= American Sign Language phonology =

Phonemes of American Sign Language

American Sign Language (ASL) and other sign languages are characterized by phonological processes analogous to those of spoken languages. Phonemes serve the same role between spoken and sign languages: the main difference is spoken language phonemes are based on sound and sign language phonemes are spatial and temporal. Research into phonotactics in ASL is ongoing, but literature has largely agreed upon the Symmetry and Dominance Conditions as phonotactic constraints. Allophones perform the same in ASL as they do in spoken languages, where different phonemes can cause free variation, or complementary and contrastive distribution. There is assimilation between phonemes depending on the context around the sign when it is being produced. The brain processes spoken and signed language the same in terms of the linguistic properties, however, there is differences in activation between the auditory and visual cortex for language perception.

==Phonemes==
Signs are made up of parts, called phonemes. Sign phonemes were originally called cheremes by William Stokoe and his original parameters were called tab (tabula or location), dez (designator or handshape), and sig (signation or movement).
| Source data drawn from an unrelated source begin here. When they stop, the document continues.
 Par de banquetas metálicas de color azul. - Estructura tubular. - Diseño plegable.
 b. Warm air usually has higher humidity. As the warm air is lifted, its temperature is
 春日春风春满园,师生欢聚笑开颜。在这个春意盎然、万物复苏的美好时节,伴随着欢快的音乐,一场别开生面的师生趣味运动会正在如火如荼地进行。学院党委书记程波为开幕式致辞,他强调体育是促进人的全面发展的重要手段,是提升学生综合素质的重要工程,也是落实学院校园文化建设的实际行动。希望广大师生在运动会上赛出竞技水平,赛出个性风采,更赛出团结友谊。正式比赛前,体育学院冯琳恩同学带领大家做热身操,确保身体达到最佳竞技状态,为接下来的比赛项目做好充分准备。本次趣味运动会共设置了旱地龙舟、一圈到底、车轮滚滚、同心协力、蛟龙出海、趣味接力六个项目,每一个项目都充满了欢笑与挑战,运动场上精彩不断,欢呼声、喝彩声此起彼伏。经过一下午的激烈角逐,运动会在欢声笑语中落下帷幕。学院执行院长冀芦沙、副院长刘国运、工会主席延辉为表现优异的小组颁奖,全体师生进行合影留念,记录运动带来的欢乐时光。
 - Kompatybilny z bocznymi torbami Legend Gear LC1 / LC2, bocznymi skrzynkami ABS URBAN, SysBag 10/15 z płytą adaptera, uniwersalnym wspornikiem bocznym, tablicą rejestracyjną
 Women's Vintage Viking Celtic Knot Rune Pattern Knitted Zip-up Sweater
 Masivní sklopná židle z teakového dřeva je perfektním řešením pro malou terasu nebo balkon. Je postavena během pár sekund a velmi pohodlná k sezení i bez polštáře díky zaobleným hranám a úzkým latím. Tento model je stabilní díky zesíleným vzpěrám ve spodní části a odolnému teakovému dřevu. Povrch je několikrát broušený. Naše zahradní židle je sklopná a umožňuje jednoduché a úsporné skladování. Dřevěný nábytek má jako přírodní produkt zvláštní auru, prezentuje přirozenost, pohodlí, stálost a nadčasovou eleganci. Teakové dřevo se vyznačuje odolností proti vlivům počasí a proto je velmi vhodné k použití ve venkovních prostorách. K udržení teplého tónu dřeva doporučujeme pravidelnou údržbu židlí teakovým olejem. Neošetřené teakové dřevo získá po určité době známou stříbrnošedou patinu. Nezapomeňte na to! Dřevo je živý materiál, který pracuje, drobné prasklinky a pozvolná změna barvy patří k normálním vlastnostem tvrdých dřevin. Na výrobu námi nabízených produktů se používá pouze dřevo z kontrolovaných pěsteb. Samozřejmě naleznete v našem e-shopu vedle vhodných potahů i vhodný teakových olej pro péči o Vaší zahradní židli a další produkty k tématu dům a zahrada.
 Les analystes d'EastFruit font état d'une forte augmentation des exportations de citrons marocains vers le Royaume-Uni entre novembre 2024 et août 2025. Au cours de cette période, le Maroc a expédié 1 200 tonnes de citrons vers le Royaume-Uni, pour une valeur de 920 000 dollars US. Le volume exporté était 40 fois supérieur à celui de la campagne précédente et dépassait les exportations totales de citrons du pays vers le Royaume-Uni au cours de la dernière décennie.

Stokoe did not originally include palm orientation as a "chereme" but his notation system did include a way to represent orientation. The current parameters are: handshape, movement, location, palm orientation, and non-manual signals and are analogous to the articulators, place of articulation, and manner of articulation studied in spoken language linguistics.

=== Handshape ===
Handshapes may be grouped into two categories: marked, and unmarked. Unmarked handshapes are easier, more basic shapes, while marked handshapes are more challenging and complex. The following handshapes are the most unmarked handshapes in ASL: closed fist ("S" or "A" hand), flat palm ("B" hand), flat palm with spread fingers ("5" hand), rounded hand with fingertips and thumb touching ("O" hand), closed fist with index finger extended ("G" or "1" hand), and rounded hand with fingertips not touching ("C" hand).

Unmarked handshapes
| "S" (or "A") hand | "B" hand |
|---|---|
| "5" hand | "O" hand |
| "G" (or "1") hand | "C" hand |

The following handshapes are the most marked handshapes in ASL: bent index finger ("X" hand), index and middle finger twisted together ("R" hand), thumb poking through closed fist ("T" hand), fingertips resting on thumb ("E" hand), thumb and ring finger touching ("7" hand), thumb and middle finger touching ("8" hand).

Marked handshapes
| "X" hand | "R" hand |
|---|---|
| "T" hand | "E" hand |
| "7" hand | "8" hand |

Most phonological research historically focused on the handshape. A problem in most studies of handshape is the fact that often elements of a manual alphabet are borrowed into signs, although not all of these elements are part of the sign language's phoneme inventory. Also, allophones are sometimes considered separate phonemes. The first inventory of ASL handshapes contained 19 phonemes (or cheremes).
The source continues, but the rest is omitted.